In the course of making the AI Solutions Library that I’ve been hawking the last two weeks, I put together a list of all the companies that I eventually want to profile. But I think this list is probably generally useful. So I decided to publish it as a site I’m calling the Biopharma AI Landscape. It only has a very brief description of each company, and some rough, preliminary categories, but I think even that shows some trends that I wanted to write about this week. (More details about each company will be in the Solutions Library.)
In particular, I want to talk about the long-tail distribution of companies across the different categories. Of the 35 categories, there are 3 that have over 30 companies each, and 9 that have 3 or fewer. Now, this isn’t the most lopsided distribution ever, but it raises some questions about where new founders should be building.

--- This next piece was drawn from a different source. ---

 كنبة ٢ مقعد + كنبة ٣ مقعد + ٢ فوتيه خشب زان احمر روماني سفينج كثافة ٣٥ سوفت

First, some background on where these numbers come from: The 321 companies are from a variety of sources, including Anna Marie Wagner’s excellent list of AI for Science Companies, companies I’ve stumbled across on LinkedIn and companies whose founders have reached out to me over the years. It is by no means complete and I plan to keep adding to it as I find more. (If your company isn’t on there, please email me at jesse@merelogic.net or use the form on the website.) I restricted the list to companies that offer services or partner with drug discovery companies, as opposed to purely pipeline-focused companies. This turns out to be a fuzzy distinction, so I’m sure I messed that up a bit too. (Again, please send corrections.)

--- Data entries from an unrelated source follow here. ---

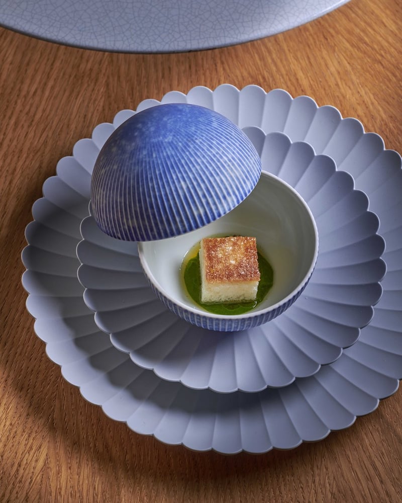 The menu features exquisite dishes where vegetables take the lead role, such as the squash velouté with bacon from Grumbach farm or the night blue lobster with Jura yellow wine. This approach offers a unique experience, where vegetables are not just sides, but the stars of the dish, reflecting the Alsatian influence in Alain Passard's culinary art.
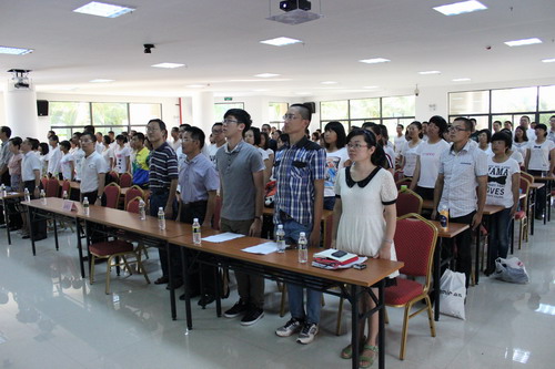 “五星红旗迎风飘扬,胜利歌声多么响亮,歌唱我们亲爱的祖国,从今走向繁荣富强……”典礼最后,全体师生齐唱《歌唱祖国》。全体2013级新生将从这里出发,开启人生新的征程。
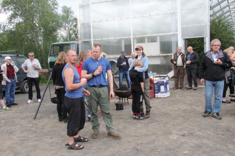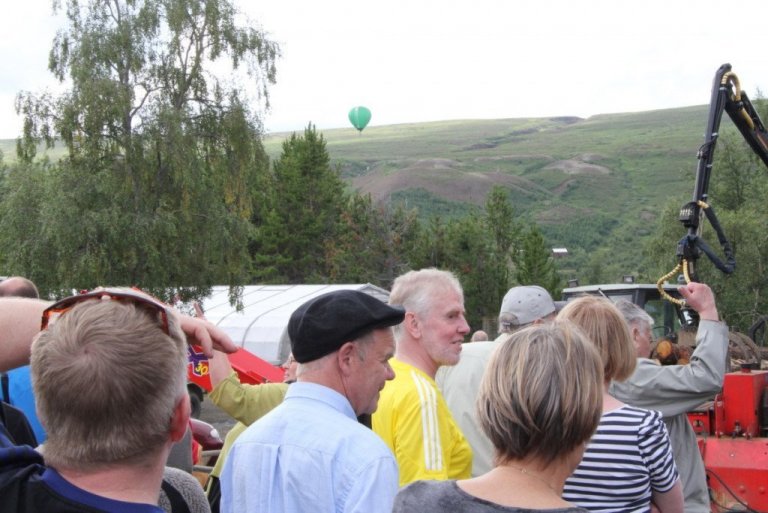 Nú er gróðrartíðin svo mikil að jafnvel elstu birkitrén sýna hæðarvöxt. Eldiviðarvélin á Vöglum fangaði athygli gestanna meira en loftbelgur sem sveif yfir dalnum og ekki eru slíkir þó algeng sjón hérlendis.
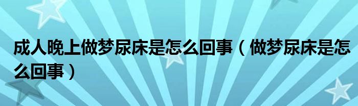 大家好,linda来为大家解答以上的问题。成人晚上做梦尿床是怎么回事,做梦尿床是怎么回事很多人还不知道,现在让我们一起来看看吧!
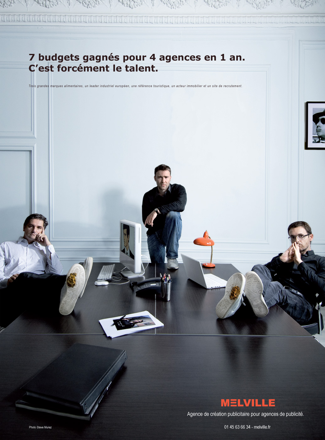 Счастливый профессионализм агентства MelvilleАгентство Melville решило с помощью довольно неоднозначного принта поделиться с общественностью своими творческими успехами. Видимо, причиной такого везения является то, что налипло на левых ботинках работников агентства. "Какая связь?", - спросите вы. Во Франции считается, что если вы наступили в собачьи экскременты левым ботинком, то будьте уверены, это принесет вам удачу.Семь аккаунтов для четырех агентств. Наверное, это талант. Агентство: Melville, Paris, France Фотограф: Steve Murez |
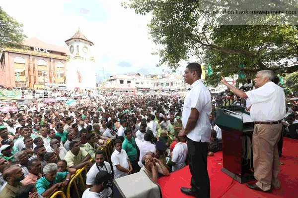UNP Leader Ranil Wickremesinghe addressing a rally in Kandy today. He also held discussions with Mahanayakas of the Asgiriya and Malwatte chapters during the visit to Kandy.
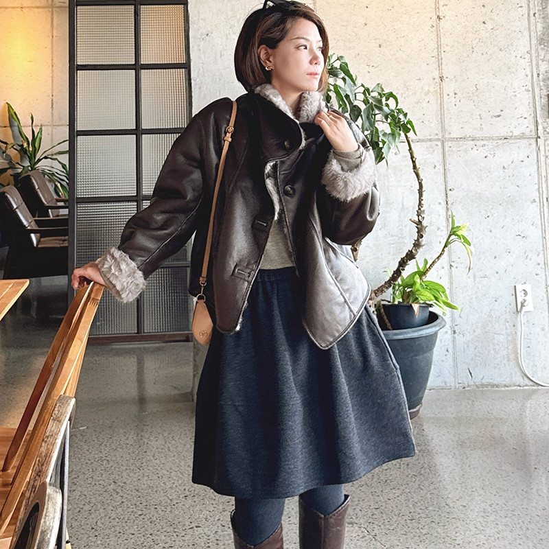 三福皮衣外套2025新款冬季复古宽松加绒保暖软皮衣夹克女装513300
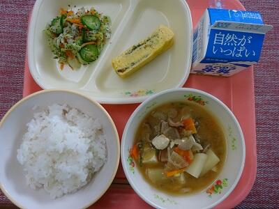 今日は、一汁二菜の「和食給食」です。汁物は、豚肉や豆腐、野菜をたっぷり入れた『豚汁』です。少しずつ、秋の風を感じますが、まだまだ昼間は暑く、汗をかきますね。熱中症予防のためにも、しっかり汁物を食べましょう!
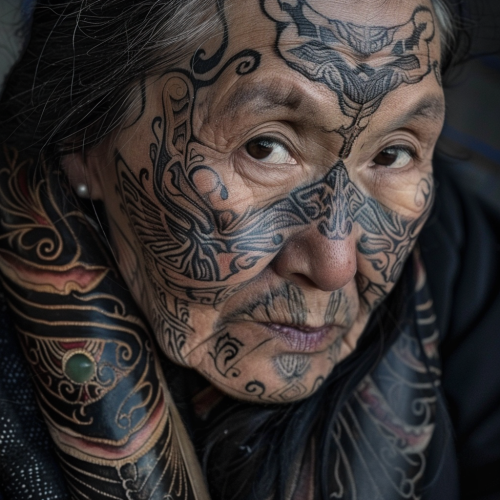 A realistic image of a lean, elderly Inuit man with wispy hair and a mustache wearing traditional summer robes with dark blue, green, pink and purple colors crouching next to an albino alligator with his hands clasped --ar 2:1
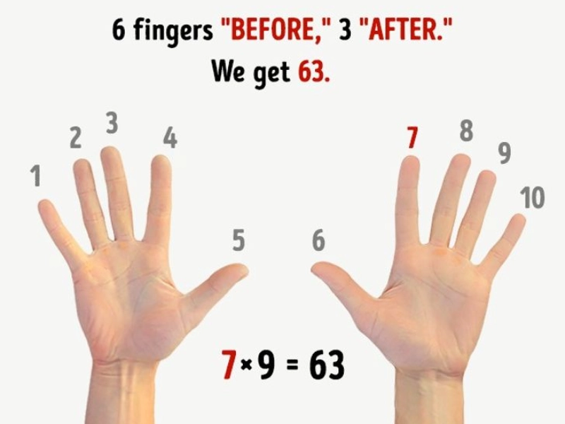 指をまっすぐに伸ばし、手のひらを下に向けてテーブルの上に手を置き、9 を掛けます。次に、9 を掛けたい量に対応する指を曲げます。「前」の指は 10 を表し、「前」の指は 10 を表します。「後」の指、単位。たとえば、7 × 9 を掛けながら 7 番目の指を曲げます。「前」の指は 6 本、「後」の指は 3 本のままです。解は79×63です。

Putting the companies in categories was also a fuzzy problem. I spent a long time trying different ways of doing it with an LLM, but those all made a lot of mistakes. So I ended up going through manually, but I’m sure I still got some wrong. (Again, corrections welcome.) Plus, because of how I created the list of companies, it’s probably biased towards the early discover categories. I’m sure there’s a bunch of companies missing in categories related to clinical and commercial.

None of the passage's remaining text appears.